(To do)
Reproduce exactly the first line of the material below and every line after it, ending with the line that contains "Атмосфера праздника в". No pictures should be copied.

▼

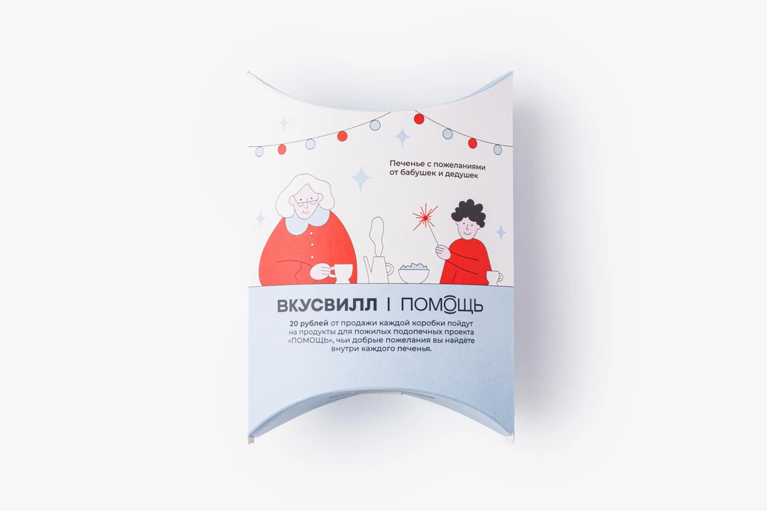 Чудес хочется всегда. Поэтому мы испекли для вас это особенное печенье, чтобы в любой день можно было добавить чуть больше волшебства. В каждой коробочке — три хрустящих печенья с тёплыми пожеланиями, написанными пожилыми подопечными проекта «ПОМОЩЬ». Упаковка оформлена добрыми иллюстрациями, а само печенье приготовлено из простой и понятной смеси муки, сахара, воды, кокосового масла и яичного меланжа. 20 рублей от продажи каждой коробки пойдут на продукты для подопечных проекта. Кроме того, вы поддерживаете наш проект «Добрая полка», помогающий благотворительным организациям продавать собственную уникальную продукцию.
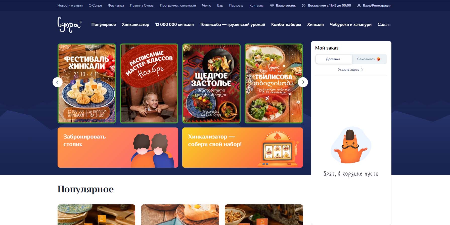 Атмосфера праздника в грузинских ресторанах «Супра» царит круглый год. В каждом из заведений сети шумно, душевно и весело. Ресторан не раз становился обладателем национальных премий. Здесь уверяют, что уже слепили для своих гостей более 10 млн хинкали, испекли свыше 250 тонн хачапури и разлили по бокалам около тысячи бочек вина.
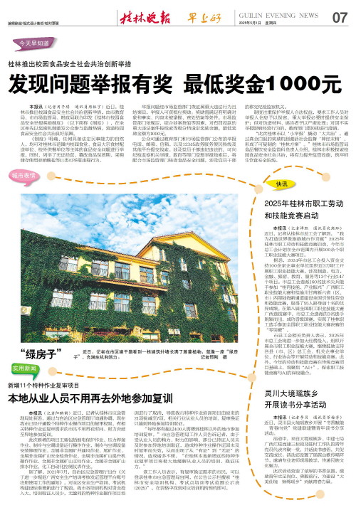 桂林推出校园食品安全社会共治创新举措 发现问题举报有奖 最低奖金1000元   本报讯(记者周子琪 通讯员周振宇)近日,桂林市推出校园食品安全社会共治创新举措,由市教育局、市市场监管局、财政局联合印发《桂林市校园食品安全举报奖励制度》(以下简称《制度》),在全区率先以奖励机制激发公众参与监督热情,营造校园食品安全社会共治良好氛围。
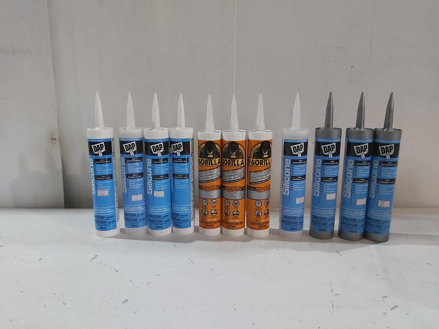 1102 (8) Tubes of Dap Silicone and (3) Tubes of Gorilla Construction Adhesive
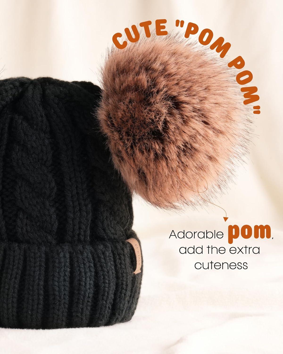 FURTALK Toddler Warm Winter Hat Kids Baby Knitted Soft Beanie with Double Faux Fur Pom Poms for Girls Boys(Black)
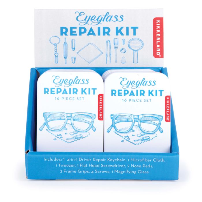 quick and easy eyeglass maintenance. Housed in a handy tin, this all-in-one kit includes everything you need for minor repairs and adjustments, whether at home or on the go.
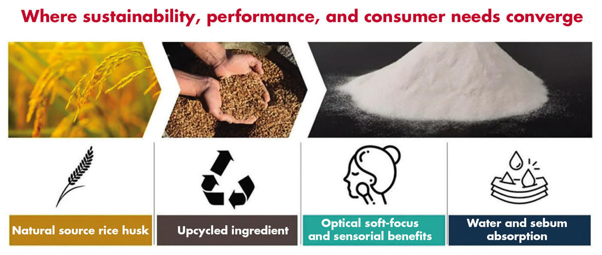 “Several silica materials derived from rice husk, with varying particle sizes and surface areas, were analyzed to identify the most promising candidate. This analysis was guided by a fundamental understanding of the material structure-property relationship in skin care formulations, aiming for optical benefits and skin-blurring effects,” said Vincent.

▲

(Output below)
 Чудес хочется всегда. Поэтому мы испекли для вас это особенное печенье, чтобы в любой день можно было добавить чуть больше волшебства. В каждой коробочке — три хрустящих печенья с тёплыми пожеланиями, написанными пожилыми подопечными проекта «ПОМОЩЬ». Упаковка оформлена добрыми иллюстрациями, а само печенье приготовлено из простой и понятной смеси муки, сахара, воды, кокосового масла и яичного меланжа. 20 рублей от продажи каждой коробки пойдут на продукты для подопечных проекта. Кроме того, вы поддерживаете наш проект «Добрая полка», помогающий благотворительным организациям продавать собственную уникальную продукцию.
 Атмосфера праздника в грузинских ресторанах «Супра» царит круглый год. В каждом из заведений сети шумно, душевно и весело. Ресторан не раз становился обладателем национальных премий. Здесь уверяют, что уже слепили для своих гостей более 10 млн хинкали, испекли свыше 250 тонн хачапури и разлили по бокалам около тысячи бочек вина.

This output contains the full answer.